Last year, my colleague, the Minister of State at the Department of Foreign Affairs and Trade, Deputy Cannon, who has responsibility for the diaspora, called on An Post to issue a stamp to honour the contribution made by the Irish diaspora to society at home and abroad. His idea is wonderful. I have made a similar proposal but this time I want the enormous contribution made by the Irish navvy to Britain and Ireland to be recognised.

During the recent St. Patrick's Day celebrations, I was delighted to attend an art exhibition by Bernard Canavan, a London-based Irish painter, in the House of Commons. The exhibition was facilitated by Chris Ruane, the UK Labour Party MP for the Vale of Clwyd. Like my own father, Mr. Canavan's father, who hailed from Longford, was one of tens of thousands who took the boat to England in search of work. Bernard was 16 years of age when his family were forced to move to the UK because of harsh economic conditions here. Over the years, Bernard's paintings have paid homage to the generations of Irish people who worked very hard and sent money home in order to assist members of their families. Countless men and women emigrated for work and they often had very tough lives in the process. It is estimated that the equivalent of hundreds of thousands of euro were sent back to this country by labourers. This money helped families here to survive.

Many of Bernard Canavan's evocative paintings are worthy of providing images for a commemorative stamp that pays tribute to the Irish navvy. As many Senators will know, the life of a navvy was a hard one. It was a life marked by many emotions, ranging from happiness to sadness to loneliness. It was a life often fuelled by a large amount of alcohol. Last year, Bernard was awarded a distinguished service award by the President for representing the forgotten Irish in Britain through his art.

Many labourers went on to make great lives for themselves.
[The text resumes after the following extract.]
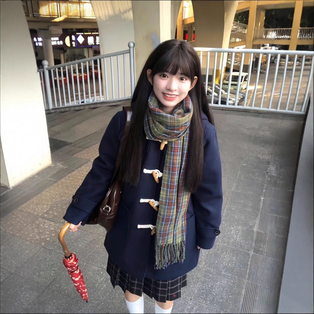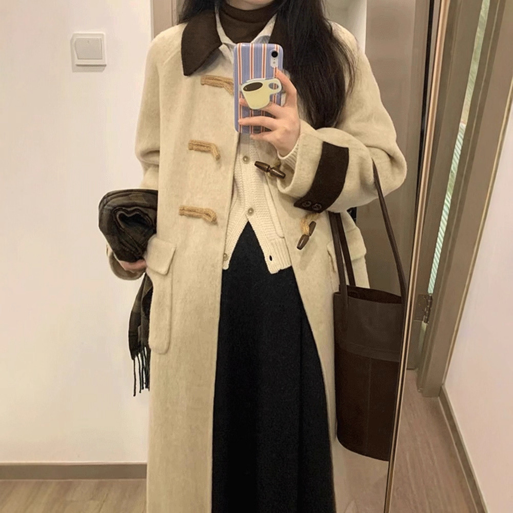 韓国ホーンボタンカジュアルウールコート女性のための 2025 秋と冬のカレッジスタイルのデザイン厚いウールコートトレンディ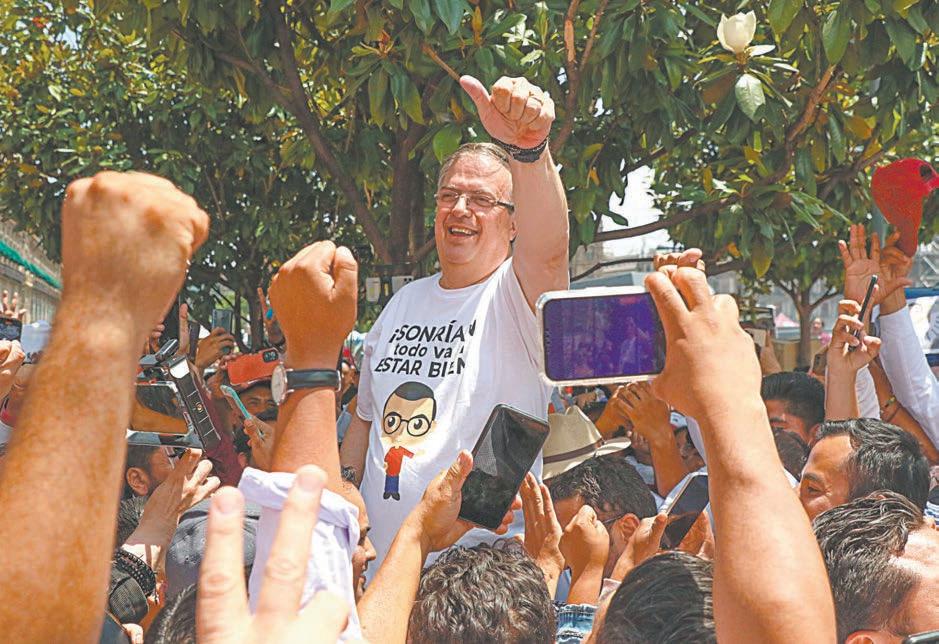 Tras reunirse por más de hora y media con el presidente López Obrador en el Palacio Nacional, Ebrard se fue caminando a la libre ría Porrúa, a unos metros del recinto histórico, donde ofreció una confe rencia de prensa. El camino fue de unos 20 minutos, ya que cientos de simpatizantes estaban a su paso, para saludarlo y darle apoyo.

They set down solid roots in many corners of Britain and, in doing so, reared families who now proudly display their Irish heritage and culture at every opportunity. We must not forget that many of the labourers who left this country went on to build successful construction companies and businesses that continue to provide thousands of jobs across these isles. In many cases, unfortunately, the story of the Irish navvy was one of tragedy whereby comfort was found at the bottom of a pint glass. This led to broken families and people losing touch with home. Sadly, many of them ended up living on the streets of London and many other cities far from their native shores. I know that the Cathaoirleach went to London in the late 1970s and worked as a navvy. I know that every politician here understands the work and sacrifices made by Irish men and women who went there.

Ultan Cowley is the author of a seminal book, The Men Who Built Britain: A History of the Irish Navvy, which captures the often bleak world of the Irish migrant labourer. Up until recently, these men had been largely forgotten or ignored but Mr. Cowley has rightly pointed out that, in terms of the canals, railways, roads, tunnels, dams and public utilities, such people, and those in the professions of teaching and nursing, effectively ran Britain. Their standing is a lasting monument to their sacrifices and achievements. Truly, they built Britain and, indeed, they built Ireland. They have made an enormous contribution to British and Irish society. That contribution should never be underestimated. It is my view, therefore, that a commemorative stamp to honour the Irish navvy would be a lasting testament. I look forward to hearing the thoughts of the Minister.

Photo of Denis NaughtenDenis Naughten (Roscommon-Galway, Independent)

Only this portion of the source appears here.